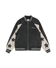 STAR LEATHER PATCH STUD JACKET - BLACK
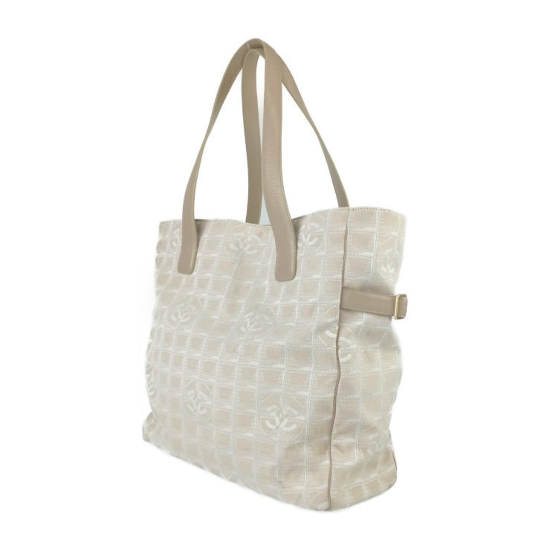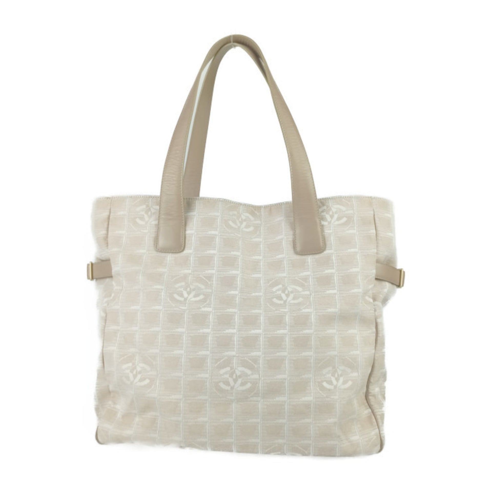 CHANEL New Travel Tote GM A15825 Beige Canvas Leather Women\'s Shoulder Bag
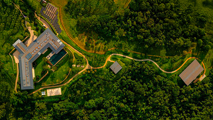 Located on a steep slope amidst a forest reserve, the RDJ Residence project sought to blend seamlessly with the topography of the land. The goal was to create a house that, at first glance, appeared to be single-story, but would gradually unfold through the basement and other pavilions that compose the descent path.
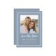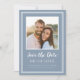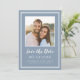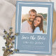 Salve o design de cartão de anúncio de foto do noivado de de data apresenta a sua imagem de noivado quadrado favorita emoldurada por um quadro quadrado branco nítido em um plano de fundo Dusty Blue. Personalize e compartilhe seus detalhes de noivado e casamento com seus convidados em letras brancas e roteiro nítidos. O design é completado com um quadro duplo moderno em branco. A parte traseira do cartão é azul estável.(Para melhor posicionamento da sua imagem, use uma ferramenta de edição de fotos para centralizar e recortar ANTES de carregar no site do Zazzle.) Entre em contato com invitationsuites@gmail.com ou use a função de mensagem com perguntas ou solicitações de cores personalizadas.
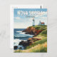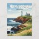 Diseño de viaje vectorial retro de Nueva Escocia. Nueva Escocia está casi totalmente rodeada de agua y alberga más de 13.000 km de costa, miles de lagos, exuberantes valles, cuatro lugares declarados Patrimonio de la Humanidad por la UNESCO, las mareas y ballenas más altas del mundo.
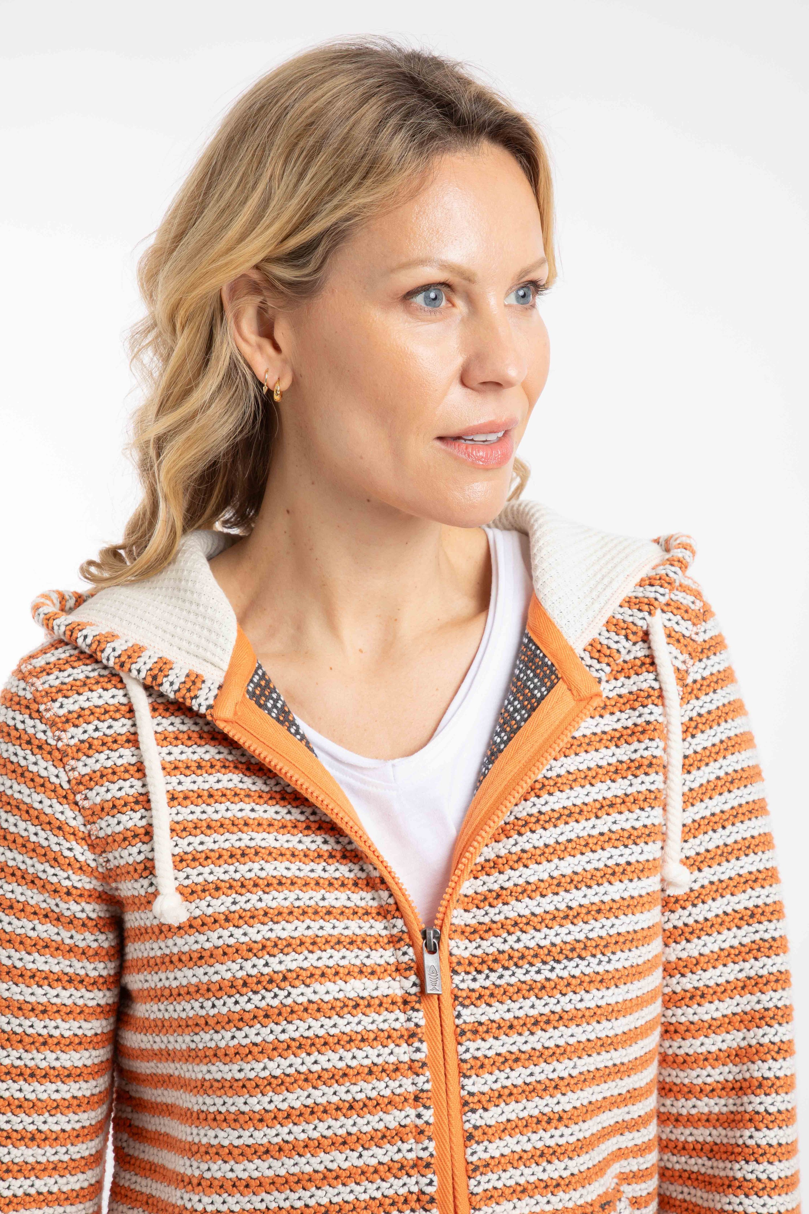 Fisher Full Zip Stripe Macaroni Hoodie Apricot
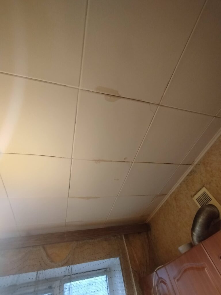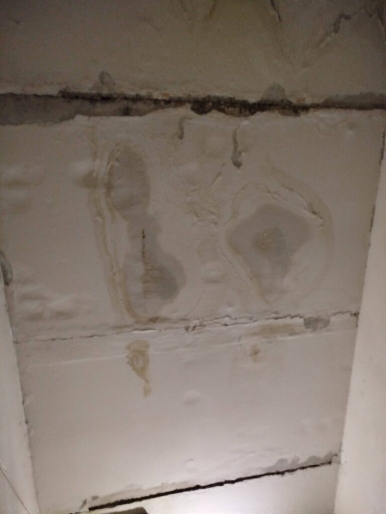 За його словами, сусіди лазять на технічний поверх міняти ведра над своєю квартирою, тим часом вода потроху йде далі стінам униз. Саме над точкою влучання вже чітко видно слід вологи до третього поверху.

DIRECTIONS FOR THIS TASK
An exact copy of the lines from the line containing "CHANEL New Travel" through the final line of the listing, without pictures, is the expected result.

YOUR SOLUTION
 CHANEL New Travel Tote GM A15825 Beige Canvas Leather Women\'s Shoulder Bag
 Located on a steep slope amidst a forest reserve, the RDJ Residence project sought to blend seamlessly with the topography of the land. The goal was to create a house that, at first glance, appeared to be single-story, but would gradually unfold through the basement and other pavilions that compose the descent path.
 Salve o design de cartão de anúncio de foto do noivado de de data apresenta a sua imagem de noivado quadrado favorita emoldurada por um quadro quadrado branco nítido em um plano de fundo Dusty Blue. Personalize e compartilhe seus detalhes de noivado e casamento com seus convidados em letras brancas e roteiro nítidos. O design é completado com um quadro duplo moderno em branco. A parte traseira do cartão é azul estável.(Para melhor posicionamento da sua imagem, use uma ferramenta de edição de fotos para centralizar e recortar ANTES de carregar no site do Zazzle.) Entre em contato com invitationsuites@gmail.com ou use a função de mensagem com perguntas ou solicitações de cores personalizadas.
 Diseño de viaje vectorial retro de Nueva Escocia. Nueva Escocia está casi totalmente rodeada de agua y alberga más de 13.000 km de costa, miles de lagos, exuberantes valles, cuatro lugares declarados Patrimonio de la Humanidad por la UNESCO, las mareas y ballenas más altas del mundo.
 Fisher Full Zip Stripe Macaroni Hoodie Apricot
 За його словами, сусіди лазять на технічний поверх міняти ведра над своєю квартирою, тим часом вода потроху йде далі стінам униз. Саме над точкою влучання вже чітко видно слід вологи до третього поверху.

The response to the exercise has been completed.